Of course, don’t get me wrong, Language Server can still access the file system.

  1. Edit file (textDocument/didChange)

Editing files always happens after the open event.

According to LSP specifications, there are three update modes allowed by Language Server for editing operations: no update, full update, and incremental update. Most Language servers, however, are generally in incremental update mode, sending “diff” from edits rather than the whole updated content. For example, we add a new line “a” to our code:

package main import ( "fmt" ) func main() { fmt.Println("Hello World go!" ) + a }Copy the code

The client generates the following JSON-RPC request:

{"jsonrpc":"2.0", "method":"textDocument/didChange", "params": {"textDocument": {"uri": "File:///workspace/main.go", "version" : 37 / / the version number is used to confirm the order of change of}, "contentChanges" : [{" range ": {" start" : { "line":8, "character":4 }, "end": { "line": 8, "character": 4 } }, "rangeLength": 0, "text": "a" }] } }Copy the code

The server then updates the internal data structure based on the contents of the current change to determine whether certain “behaviors” (such as code diagnostics, etc.) are generated.

  1. Close the file (textDocument/didClose)

According to the specification, a closed file usually corresponds to a file object that has already been opened by the client. I won’t repeat it here.

The document close notification is sent from the client to the server when the document got closed in the client. The Document’s master now exists where the document’s Uri points to (e.g. if the document’s Uri is a file Uri the master now Exists on disk). As with the open notification the close notification is about managing the document’s content. Receiving a close notification doesn’t mean that the document was open in an editor before Requires a previous open notification to be sent. Note that a server’s ability to fulfill requests is independent of whether a text document is open or closed.

When a document is closed on the client, a document closure notification is sent from the client to the server.
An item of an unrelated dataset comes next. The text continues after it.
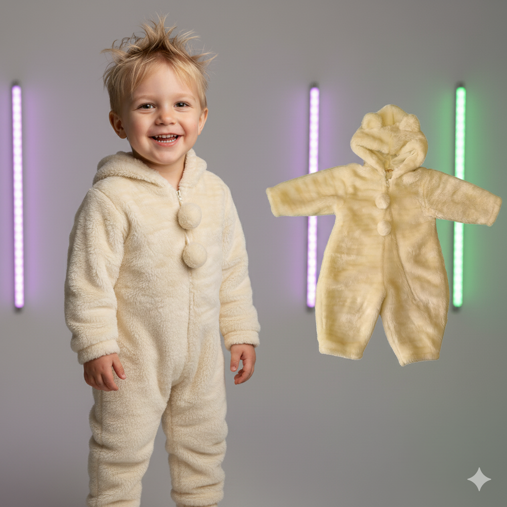 Macacão Peluciado Kinder Safari branco, com pompons na frente e com orelhinhas no gorro, veste tamanho de 2 a 3 anos, perfeito para os dias frios!

The main file of the document now exists where the URI of the document points to (for example, if the URI of the document is the file URI, the main file now exists on disk). As with opening notifications, closing notifications is about managing document content. Receiving a close notification does not mean that the document was previously opened in the editor. Closing a notification requires sending a previous open notification. Note that the server’s ability to satisfy requests is independent of whether the text document is open or closed.

Common Questions about LSP

  1. Doesn’t the language server access files in the file system?

No, it is still possible for Language Server to read files on the file system that have not been opened by the editor.

The protocol only states that textDocument/didOpen simply does not allow Language Server to open the contents of the URI file “already opened by the client”. However, Language Server is allowed to read other “open files” in the workspace and open file context.

For example, when importing other libraries for code completion, Language Server needs to access the file system to get index information.

  1. How is code diagnostics implemented?

In general, by establishing abstract syntax tree, grammar analysis is performed to check grammar errors.

Some plug-ins or code diagnostic tools, such as ESLint, can iterate through nodes in the syntactic AST to find more Lint warnings/errors.

  1. How is code completion implemented?

According to the LSP, the client initiates a request for code completion based on the event, and the triggering type is as follows:

  1. The user enters an identifier (the editor automatically executes this event in most cases) or hits Ctrl/Cmd + Space
  2. The user is entering a key character (such as “.”)
  3. The completion list is incomplete and needs to be triggered again

The server then determines how to complete the code based on the location of the current input cursor and the context of the file. The principle behind this piece is relatively complex, which can be described in a separate article.